La voix de sa bien-aimée le tira de sa torpeur. La gorge nouée, la colère commençait à prendre le pas sur l’incrédulité, à mesure que ses pensées se bousculaient dans son esprit. Il porta son attention sur les initiateurs de cette catastrophe. Sarouh semblait aussi abasourdi que lui, tandis que Nina se mordait rageusement une lèvre. Visiblement, aucun des deux ne semblait avoir été prévenu des décisions des deux Chikarates. Mais la vérité était-elle aussi simple qu’elle le paraissait ? Après tout, ils leur avaient caché leur projet de trahison. Peut-être jouaient-ils la comédie afin d’échapper à leurs foudres ?

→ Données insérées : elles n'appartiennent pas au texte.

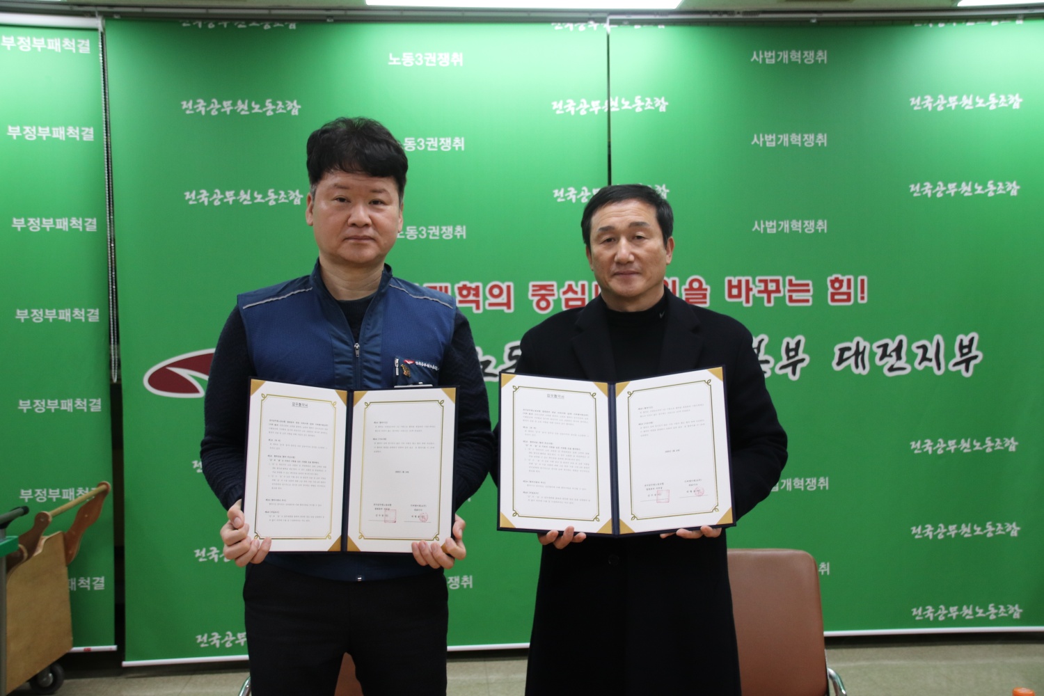 전국공무원노동조합 법원본부 대전지부와 업무 협약식을 통하여 상호간 이해증진의 기여함과 동시에 조합원 복지에 참여하고 발전적인 운용과 교류를 지향하기로 하였습니다.

— Explique-nous en quoi, ordonna froidement Tokri à sa compagne.
Le poing serré et tremblant, il avait besoin d’essayer de comprendre les justifications d’Izul. Cette dernière reprit la parole avec détermination, son émotion seulement trahie par ses lèvres tremblantes :
— Cela ne fait qu’un an que nous sommes devenus des ninjas de Chikara et la vérité n’a fait que se dévoiler à nos yeux, dans toute sa cruauté. Nous ne serons jamais heureux au sein des Trois.
Elle se tut un bref instant, plongeant son regard dans la noisette de son petit ami. N’y trouvant plus la rassurante compréhension qui avait tant soudé leur lien, Izul se mordit une lèvre en serrant son bras gauche de son autre main. Jetant un œil à son papillon, elle se sentit vaciller en constatant que sa lueur avait décrue.
Que s’imaginait-elle ? Tokri enrageait à sa stupidité. Ne lui avait-il si peu donné d’espoir pour qu’elle s’imagine avoir davantage de chances de bonheur entouré de psychopathes qu’auprès de lui ?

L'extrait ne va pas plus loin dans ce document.